A criticism levelled at theatre in Wales is that it often gets quite stagnant, and there’s merit in that. There’s no disputing that high quality work is constantly being made across the country, but the work does sometimes feel derivative of, or tonally similar to, other pieces made at the same time. Nobody is going to level that criticism at Robinson: The Other Island.
Placing itself somewhere between performance art and radio play, Give It A Name Theatre’s show is less a piece of theatre and more a sensory experiment. With headphones on, the audience is plunged deep into this surreal world-within-a-world. In ‘our’ world Bianca tries to escape from the solitude of her own life by immersing herself in Daniel Defoe’s classic Robinson Crusoe. As she reads passages from the novel, the fictional world comes to life around her and we see the eponymous hero try to survive on a deserted island. Before long, the lines between reality and fantasy no longer exist.
The stand-out facet of Robinson: The Other Island is undoubtedly its binaural sound. In using this innovative and exciting technology, artistic director John Norton and Jack Drewry are able to manipulate the ambience of the piece before a single word is ever uttered. The ‘surround-sound’ really helps put the audience into the shoes of the characters, the sort of experience you’d get from listening to a particularly good audiobook. Unfortunately, the visual experience never quite matches the aural one. Mathilde Lopez is a director known for making experimental theatre like this (and making it well), but she’s unable to repeat her previous successes.

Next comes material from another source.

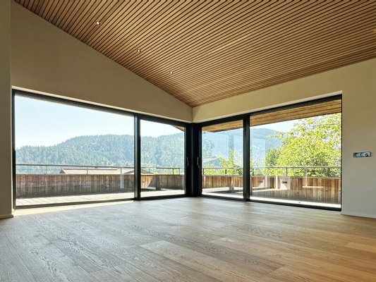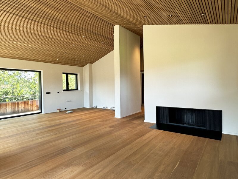 Im Obergeschoss befindet sich ein weiteres Schlafzimmer samt Bad, die Gästetoilette sowie ein offener Wohn-Essbereich mit Kamin, Küche und prachtvollem Sichtdachstuhl. Breite Balkone Richtung Süden und Westen laden zum Genießen im Freien ein.

More than anything, she’s the victim of a production that’s heavy on design and light on narrative. The focus is on offering an excellent technological experience, and so the story doesn’t get the nuance it needs to make a visceral impact. There are some great moments, of course. At times, Angharad Evans’ dingy lighting is stunning to look at, while John Rowley makes an excellent Crusoe, tapping into the humour and the pathos of the character. The physicality of his performance is also worth admiring, a convenient juxtaposition to Luciana Trapman’s superb vocal performance as Bianca. She recites Defoe’s words delightfully but, again, she’s a victim to the narrative. We’re given an insight into Bianca’s isolation through conversations with an absent father, but we just don’t see enough to truly sympathise. Ultimately, what is supposed to be an integral part of the narrative ends up feeling like a comic subplot.
Two-thirds of the way through, the production turns political and a statement is made about the novel’s attitudes to colonialism and race. Though valid points to make their inclusion feels forced, mirroring the production’s overall struggle. Much of its individual components feel shoe-horned in, and only the sound design really stands out. Experiencing that binaural sound is a lot of fun and it’s clear that there’s a lot more that could be done with the technology. Perhaps this is the pioneering production in a new technology-led era in Welsh theatre – perhaps not – but the possibilities are certainly exciting. It goes to show that, simply by taking a risk, a decent piece of theatre can leave an indelible footprint.